_Collected material_.
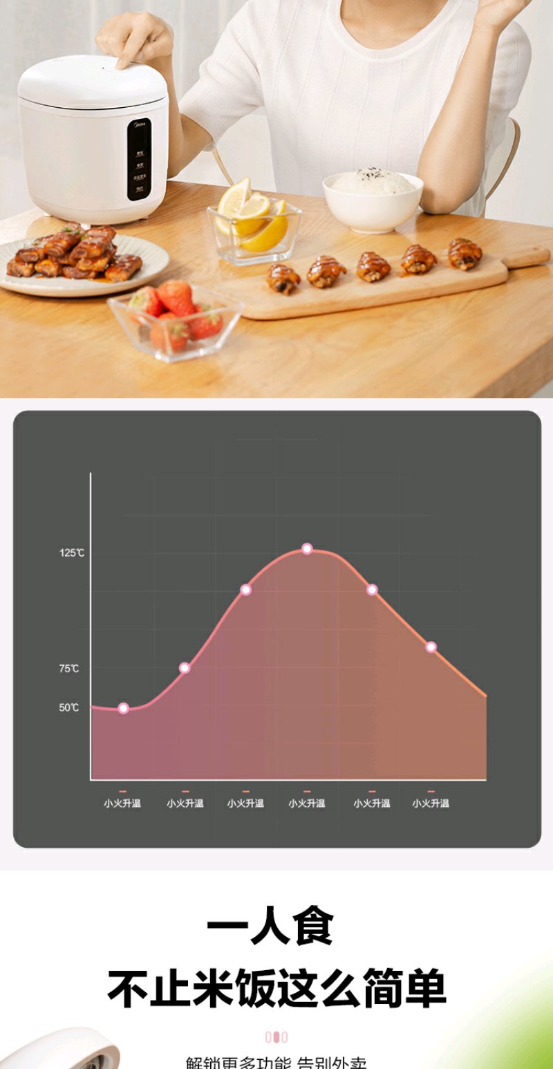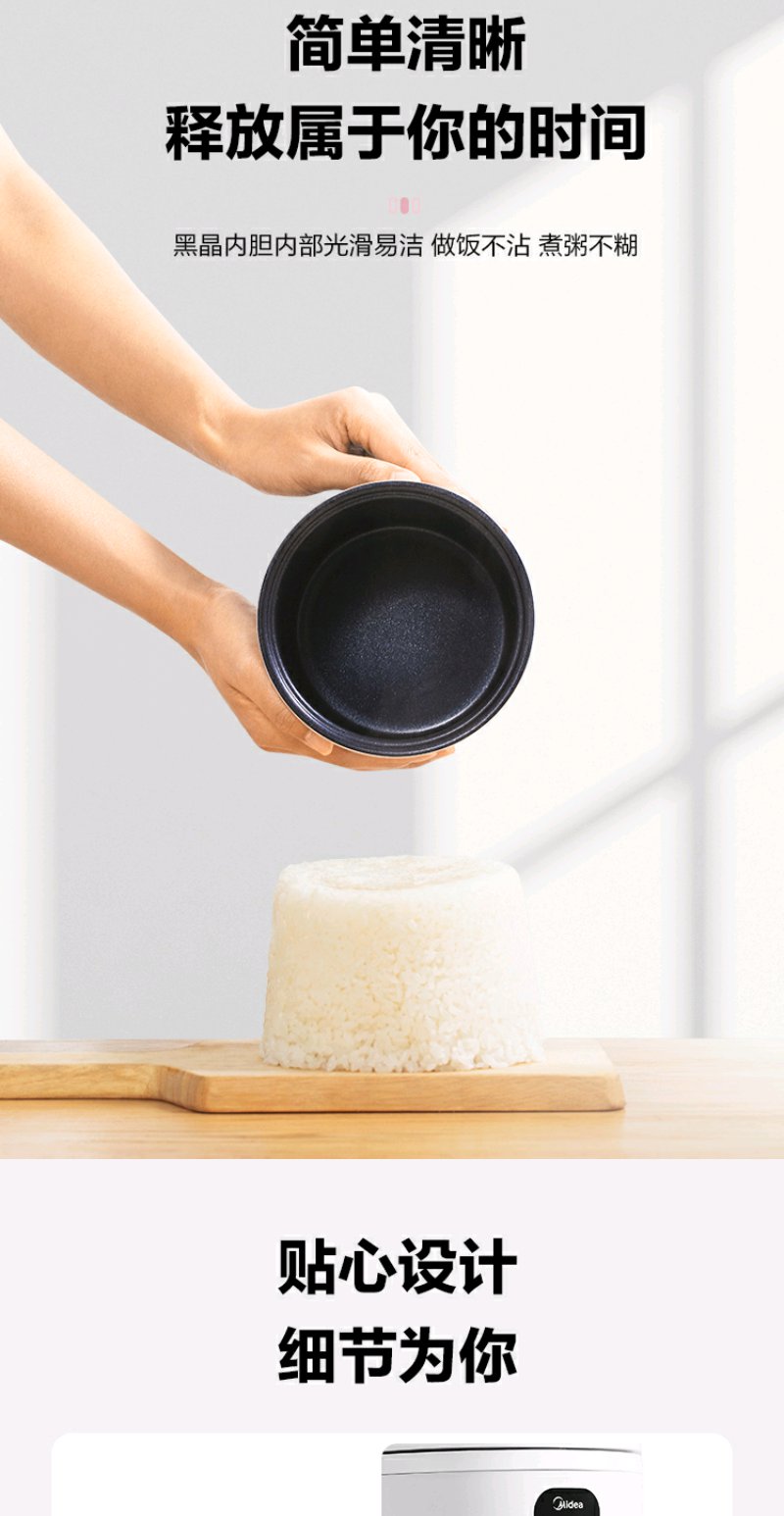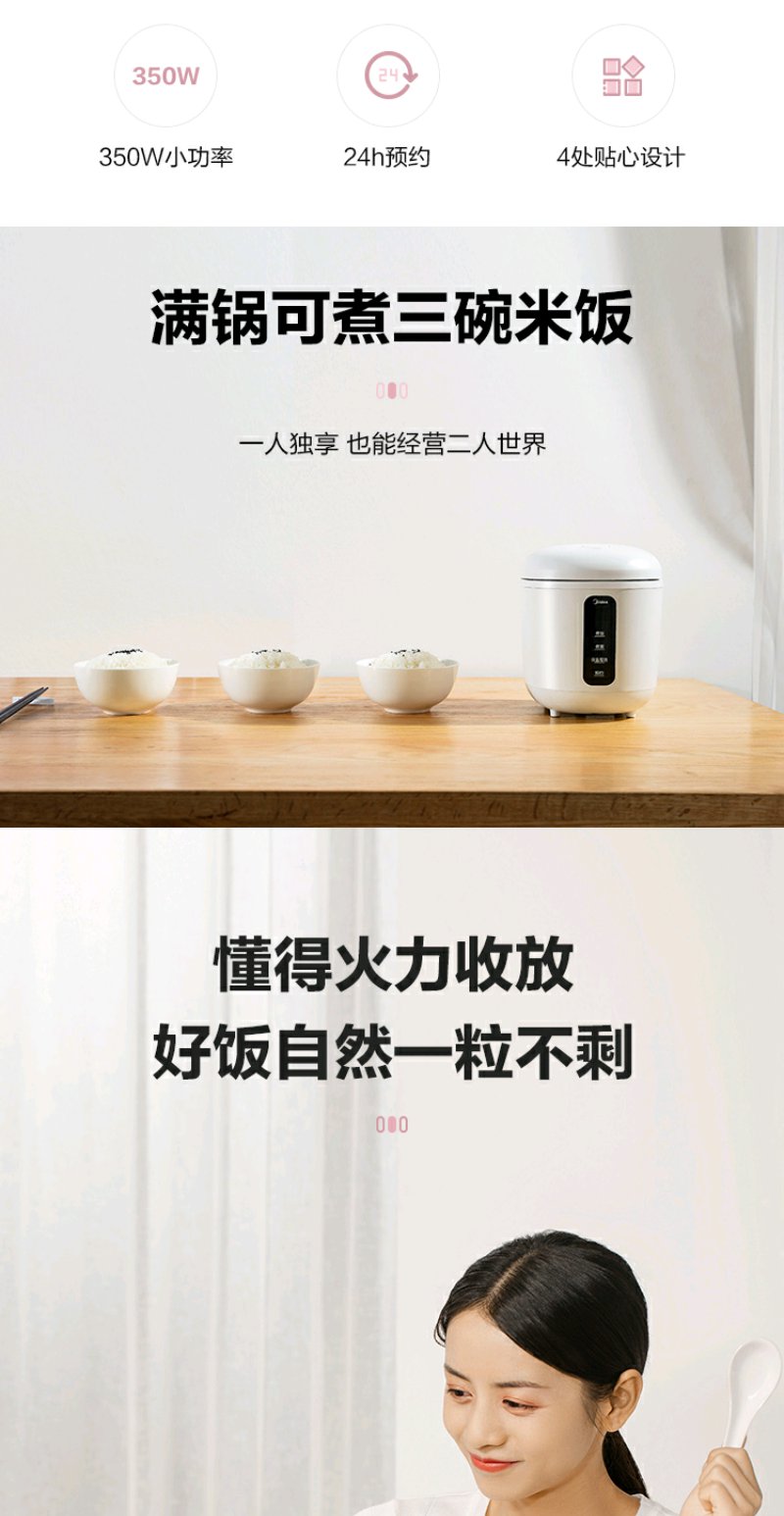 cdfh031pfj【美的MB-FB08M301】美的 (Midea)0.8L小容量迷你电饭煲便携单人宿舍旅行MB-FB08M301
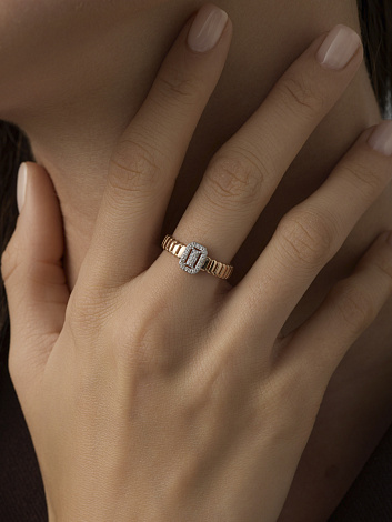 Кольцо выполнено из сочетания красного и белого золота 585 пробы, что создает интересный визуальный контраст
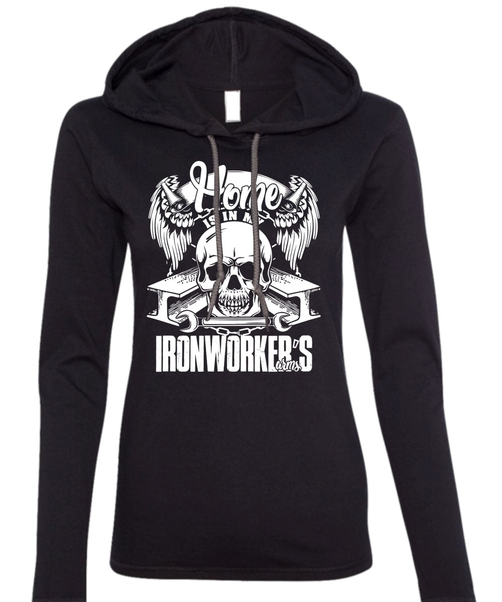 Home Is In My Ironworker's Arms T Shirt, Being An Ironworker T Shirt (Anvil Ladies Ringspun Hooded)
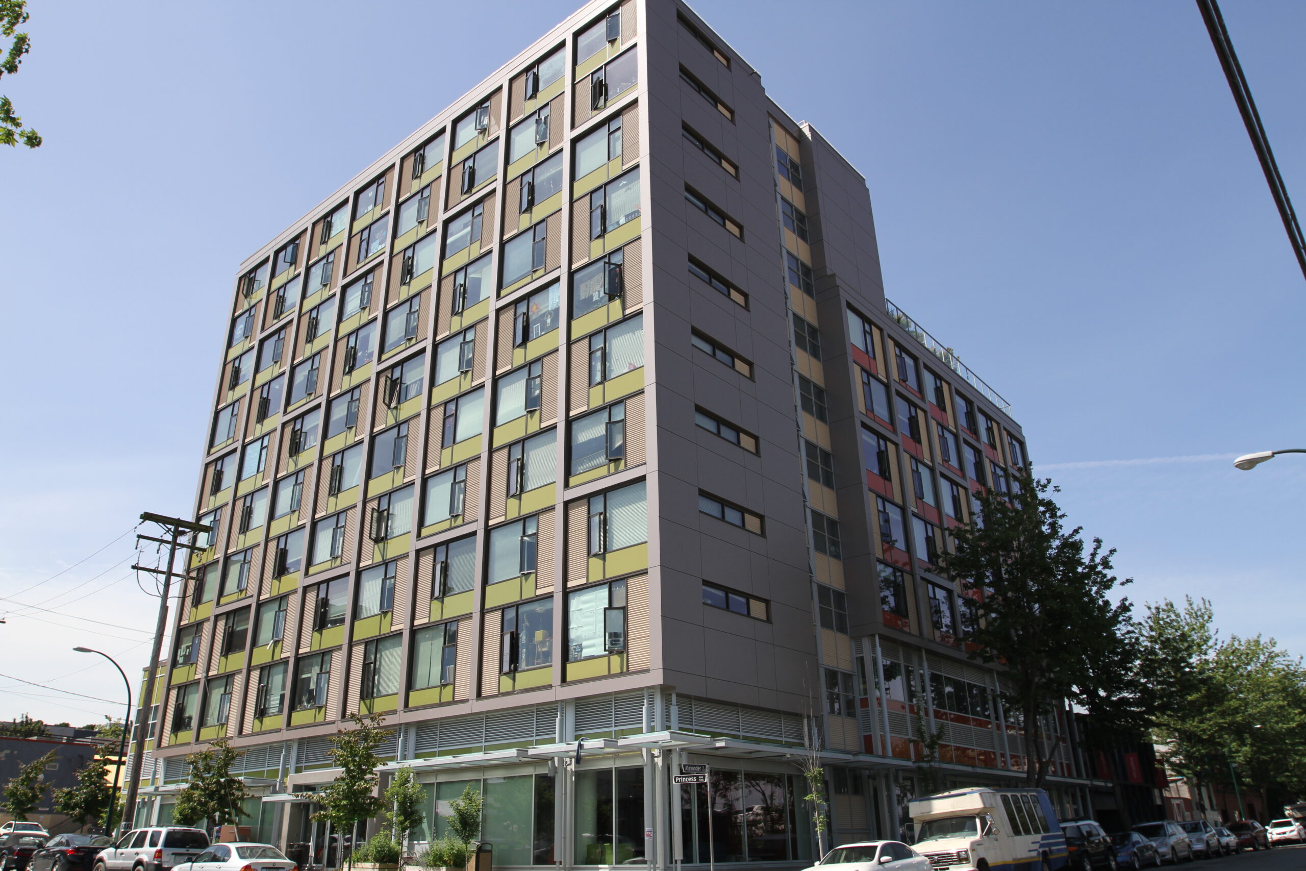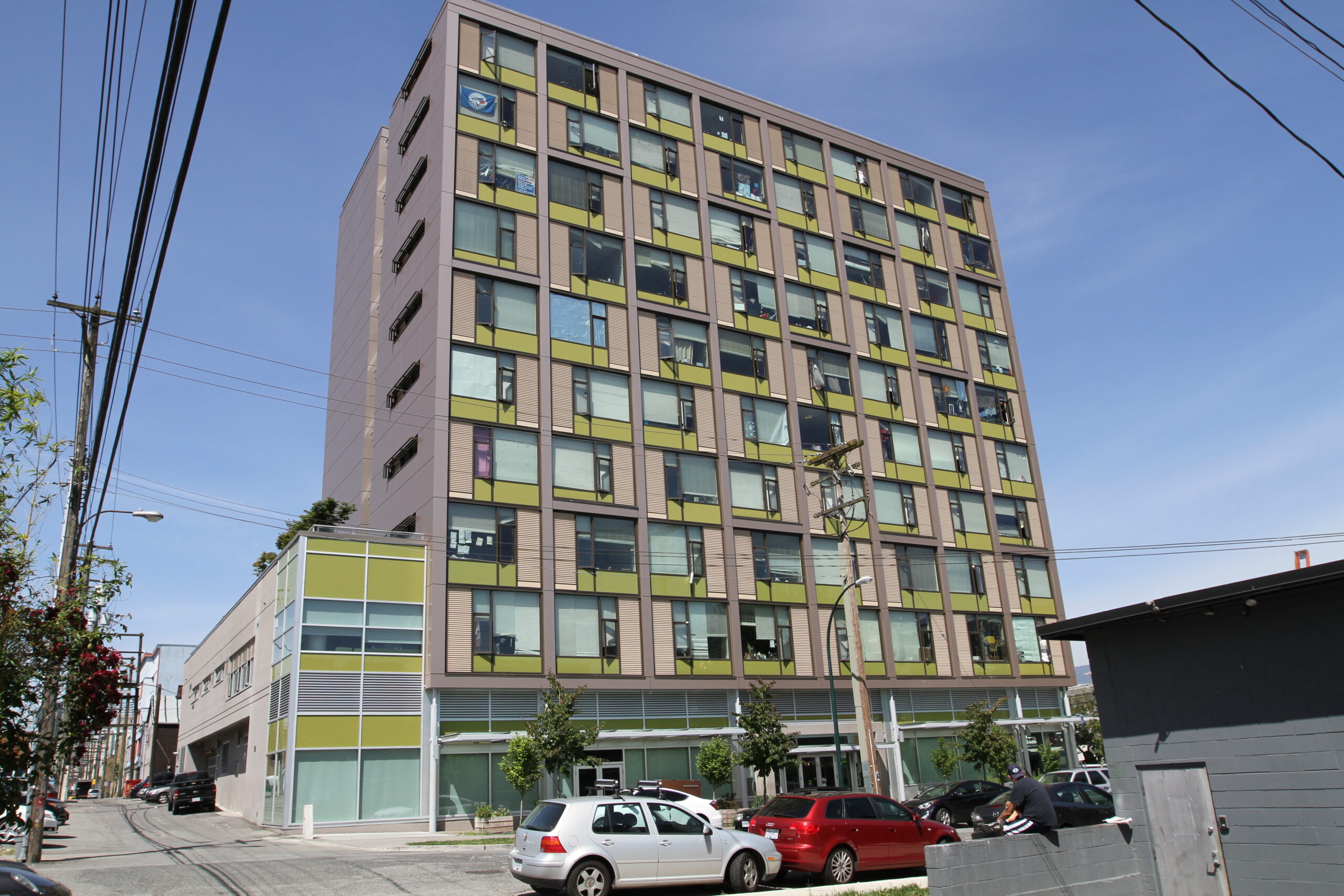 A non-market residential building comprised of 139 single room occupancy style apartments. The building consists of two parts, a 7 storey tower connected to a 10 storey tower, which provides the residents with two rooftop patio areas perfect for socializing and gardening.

_Exercise instructions_.
All that should be printed is the lines from the one containing "Кольцо выполнено из" through the last line of the material above, both ends included, exactly as they stand; please skip the pictures.

_Your solution_.
 Кольцо выполнено из сочетания красного и белого золота 585 пробы, что создает интересный визуальный контраст
 Home Is In My Ironworker's Arms T Shirt, Being An Ironworker T Shirt (Anvil Ladies Ringspun Hooded)
 A non-market residential building comprised of 139 single room occupancy style apartments. The building consists of two parts, a 7 storey tower connected to a 10 storey tower, which provides the residents with two rooftop patio areas perfect for socializing and gardening.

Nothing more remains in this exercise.